I love horror films. Hope this novel will become a movie soon and a best seller

Sir she is about to blow “Then get the fuck out of there"

Helen said “Oh yeah, I helped design the escape system on this tub. Four of these modules can detach from the central sphere...Only way to evacuate the whole crew in a hurry if there was ever a need to.”
“What can be done?” Olivia pleaded. The woman shrugged. “We’re doing it now.”
“So...Helen. How do we detach the module? When the time comes, I mean....”
“Hey, did you just..?” Olivia raised heavy wrench over Helen and brought it down on her head with a skull shattering crack. Helen collapsed in a heap. She had to do it, she had to do it with Violet’s life on the line. Olivia performed surgery just as she remembered Vivian performing surgery on her. Olivia almost lost her hope, she thought Violet is gone, but slowly she could hear her heartbeat.
When the crew came Olivia told them her story what happened, she said what happened to Helen was an accident, the crew fortunately believed her. Violet’s breathing looked more regular. She thought she saw the eyelids twitch.
Olivia with the crew are trying to protect them self by barricading the floor and using any weapons they have available. The next few hours will decide if Violet will survive....
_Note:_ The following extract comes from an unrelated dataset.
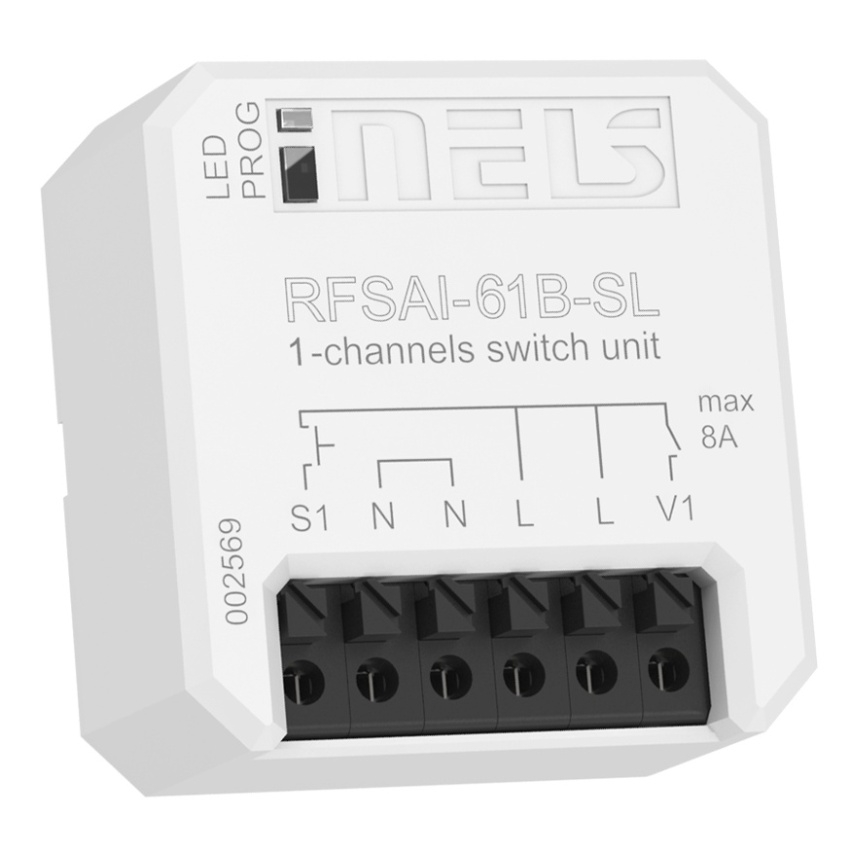 Spínací prvek s jedním / dvěma výstupními relé slouží k ovládání spotřebičů a světel. Pro ovládání lze použít vypínače/tlačítka v elektroinstalaci. Lze je kombinovat s Detektory, Ovladači nebo Systémovými prvky iNELS RF Control. Provedení BOX nabízí montáž přímo do instalační krabice, podhledu nebo krytu ovládaného spotřebiče. Snadná montáž díky bezšroubovým svorkám. Umožnuje připojení spínaných zátěží s celkovým součtem 8 A (2 000 W). Funkce: u RFSAI 61B-SL a RFSAI 62B-SL - tlačítko, impulsní relé a časové funkce zpožděného rozběhu nebo návratu s časovým nastavením 2 s-60 min. Ke každému výstupnímu relé lze přiřadit libovolnou funkci. U RFSAI-11B-SL má tlačítko pevně danou funkci - ZAP/VYP. Externí tlačítko se přiřazuje stejně jako bezdrátové. Každý z výstupů může být ovládán až 12/12 kanály (1 kanál představuje jedno tlačítko na ovladači). U RFSAI-61B-SL a RFSAI-11B-SL až 25 kanály. Programovací tlačítko na prvku slouží také jako manuální ovládání výstupu. Možnost nastavení paměti stavu výstupu při výpadku a následném obnovení napájení U prvků lze nastavit funkci opakovače (repeatru) prostřednictvím servisního zařízení RFAF/USB, PC, aplikace. Dosah až 200 m (na volném prostranství), v případě nedostatečného signálu mezi ovladačem a prvkem použijte opakovač signálu RFRP-20 nebo prvky s protokolem RFIO2, které tuto funkci podporují. Komunikace s obousměrným protokolem RFIO2. Materiál kontaktu relé AgSnO2 umožňuje spínání světelných předřadníků.

your stories should reach a lop level... god bless you 👍

@alexbeyman That is why I'm completely scared of any babies in horror films, books or games. Babies know how to make me horrified they feel my fear. They feed on it!!!
##Upvote/Resteem###

well thanks for posting just going to read it ... nice share

Waiting for next part 13 . keep sharing with us , I will support you, don't forget to support back. Thank you.